I don't recommend upgrading to Feisty before it's ready (though I've done it already myself..) and if you can, use a fresh install rather than apt upgrade (works better). Anyway, here are instructions that seem to work more or less well:
http://onlyubuntu.blogspot.com/2007/...to-ubuntu.html
Lower on the page somebody says it'd be better to use the GUI method, but I myself used apt before discovering that and I've faced no major problems so far, except those that are due to Feisty not being "ready" yet.
It takes some time to do the upgrade; my downloads took something like 15 minutes, but installing and upgrading the packages took more time.
EDIT: note that if you use the GUI method described in the page and abort the upgrade before it's ready, next time you run the graphical tool to do the upgrade it might tell you that you first need to finish a previous upgrade and tries to start upgrading your system back to Edgy. In this case simply drop off the graphical way, open a terminal and use apt-get; another option is to revert the upgrade process completely, which means at least changing every "feisty" into "edgy" in apt's sources.list file to prevent the GUI application from doing anything stupid.
Note: after a few days of using Feisty after an upgrade there seemed to be some conflicting packages (two that tried to overwrite the same file) which lead me to run some fix-installs with apt.
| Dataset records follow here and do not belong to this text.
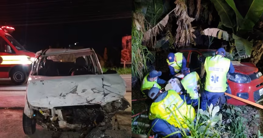 A vítima foi retirada do veículo após mais de 30 minutos de resgate com cordas e ferramentas hidráulicas. Em seguida, recebeu atendimento do Samu e foi encaminhada ao Hospital Azambuja.
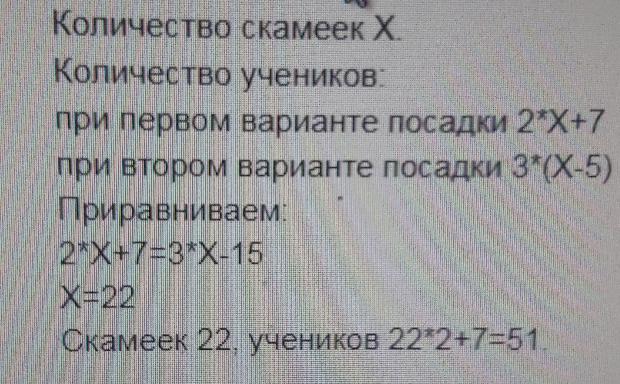 В зале стоит несколько скамеек. Если на каждую скамейку сядут 2 ученика, то 7 учеников останутся без места. Если же на каждую скамейку сядут 3 ученика, то 5 скамеек останутся свободными. Узнай число учеников и кол-во скамеек в зале
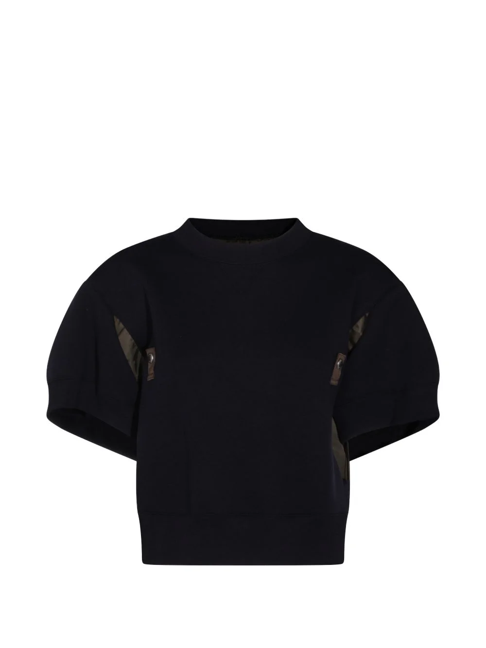 panelled short-sleeve sweater Highlights - Navy blue - Panelled design - Short sleeves - Crew neck - Tabs - Boxy fit Imported Composition Cotton 62%, Polyester 38% Washing instructions Read Manufacturer Guidelines
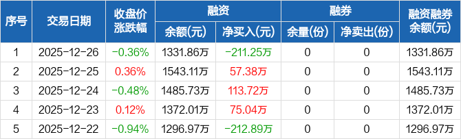 港股创新药ETF鹏华:融资净偿还211.25万元,融资余额1331.86万元(12-26)
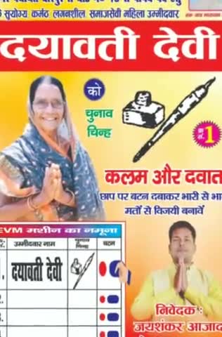वीरपुर नगर पंचायत वार्ड नंबर 13 के प्रत्याशी मेरी मां श्रीमती दयावती देवी का चुनाव चिन्ह कलम और दवात क्रमांक संख्या 01 पर बटन दबाकर भारी मतों से विजय बनावे Birpur Supaul
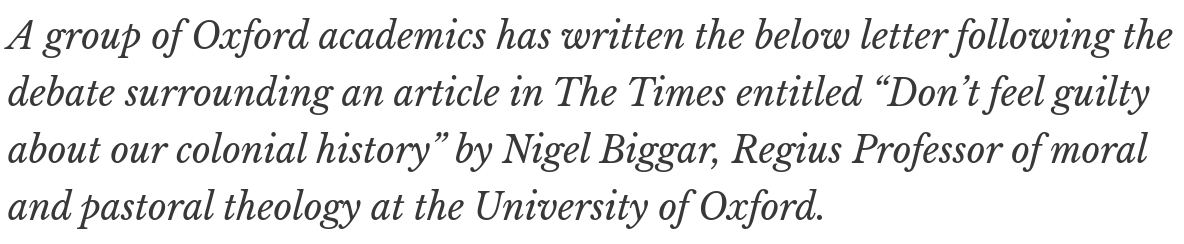 Now, Gilley found his most vociferous support from … well, Oxford. Nigel Biggar wrote a recent op-ed essay for The Times, defending Gilley and his narrative.
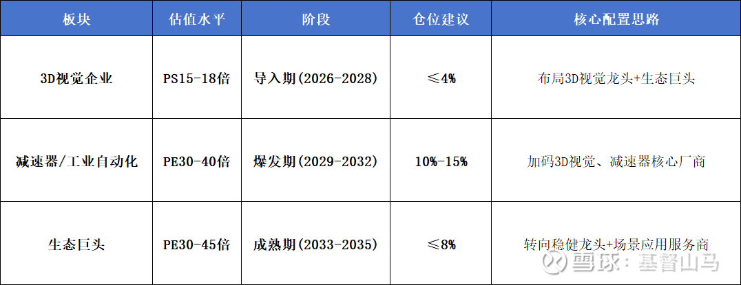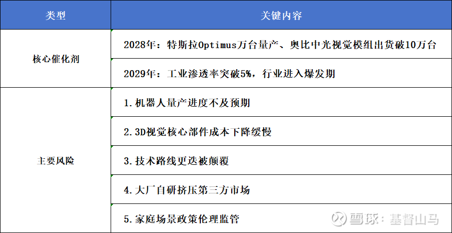 随着机器人从执行指令向自主决策升级,3D视觉在整机BOM(物料清单)成本中的占比将持续提升,长期有望成为仅次于伺服电机的第二大价值增长级。
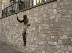 Questa scultura, di Jean Marais (1989), evoca un personaggio di Marcel Aymé, il Passe-Muraille. Si trova in place Marcel-Aymé, nel 18e.
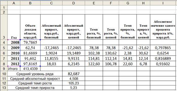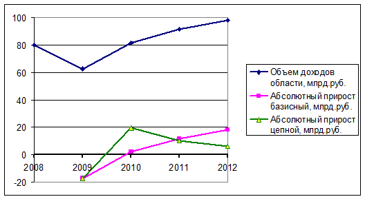 В течение анализируемого пятилетнего периода средний размер объема доходов области составил 82,687 млрд. руб., в среднем за год он увеличивался на 4,508 млрд. руб., или на 5,23 % (Tр=105,23).

Upgrading the kernel made my wireless card useless, so I'm using an older kernel at the moment that I luckily have spared; there are other reasons for that too, but wireless is one thing that works in Edgy but not in Feisty yet (for my card, a Broadcom laptop wifi-card).
If you like playing around with stuff like that, go ahead, but if you'd like to have a system to work with, without interruptions, wait until next month when Feisty is officially released.